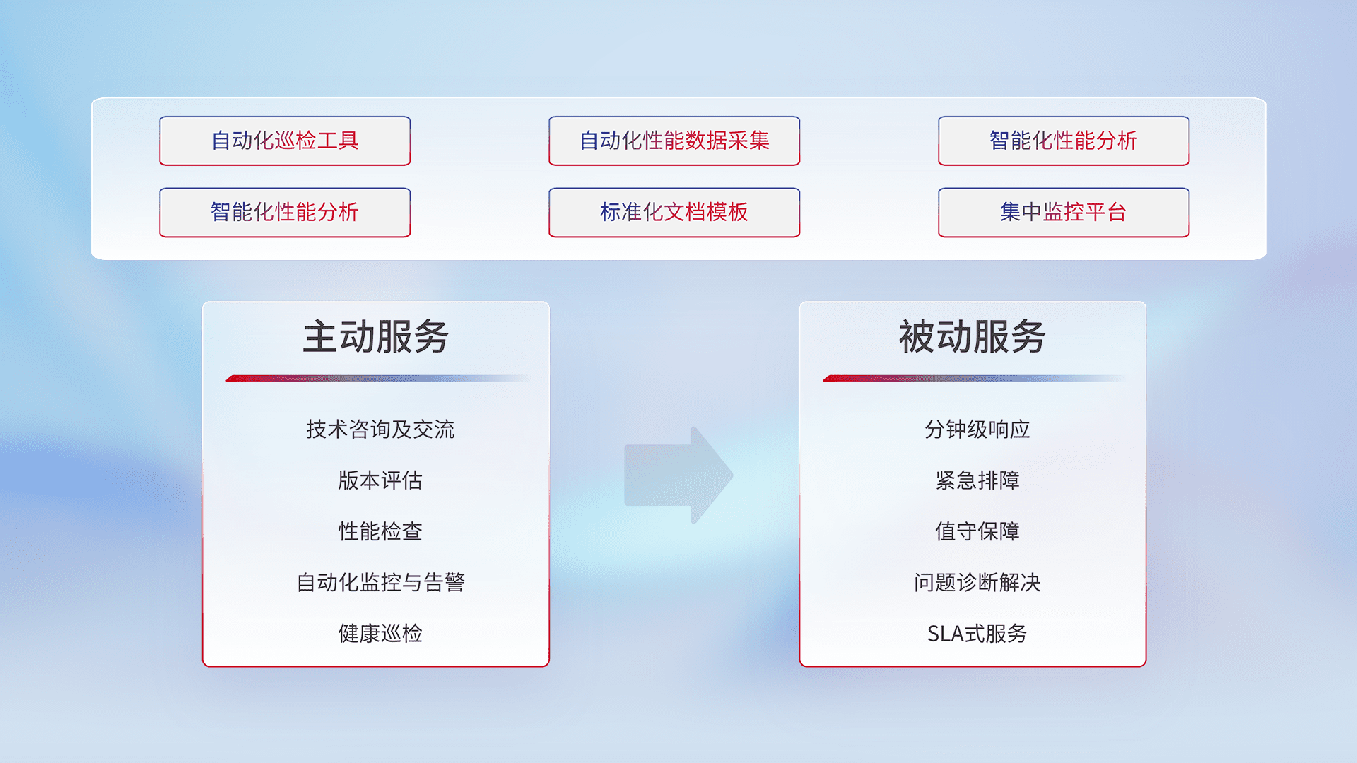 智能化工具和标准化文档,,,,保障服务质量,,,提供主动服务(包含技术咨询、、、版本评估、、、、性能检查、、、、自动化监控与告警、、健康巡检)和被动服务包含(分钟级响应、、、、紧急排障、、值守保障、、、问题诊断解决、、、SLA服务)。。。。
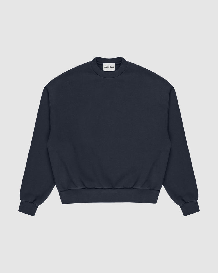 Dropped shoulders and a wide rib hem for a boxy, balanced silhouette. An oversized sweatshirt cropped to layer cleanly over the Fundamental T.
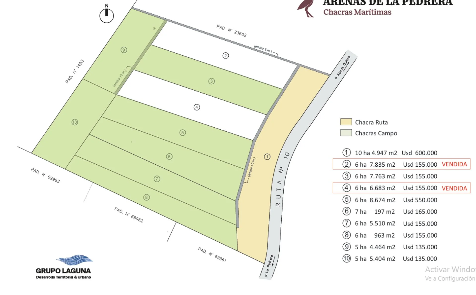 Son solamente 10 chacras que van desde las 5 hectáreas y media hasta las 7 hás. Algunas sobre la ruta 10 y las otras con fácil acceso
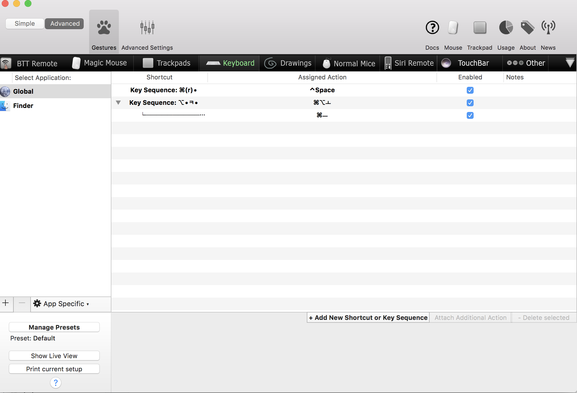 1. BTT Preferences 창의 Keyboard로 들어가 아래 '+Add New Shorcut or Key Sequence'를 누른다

+ + + +

[EXERCISE BRIEF] Wording must stay exact. Give again the lines from the line with "Dropped shoulders and" through the last line of the listing, both ends included, without pictures.

[WRITTEN SOLUTION]
 Dropped shoulders and a wide rib hem for a boxy, balanced silhouette. An oversized sweatshirt cropped to layer cleanly over the Fundamental T.
 Son solamente 10 chacras que van desde las 5 hectáreas y media hasta las 7 hás. Algunas sobre la ruta 10 y las otras con fácil acceso
 1. BTT Preferences 창의 Keyboard로 들어가 아래 '+Add New Shorcut or Key Sequence'를 누른다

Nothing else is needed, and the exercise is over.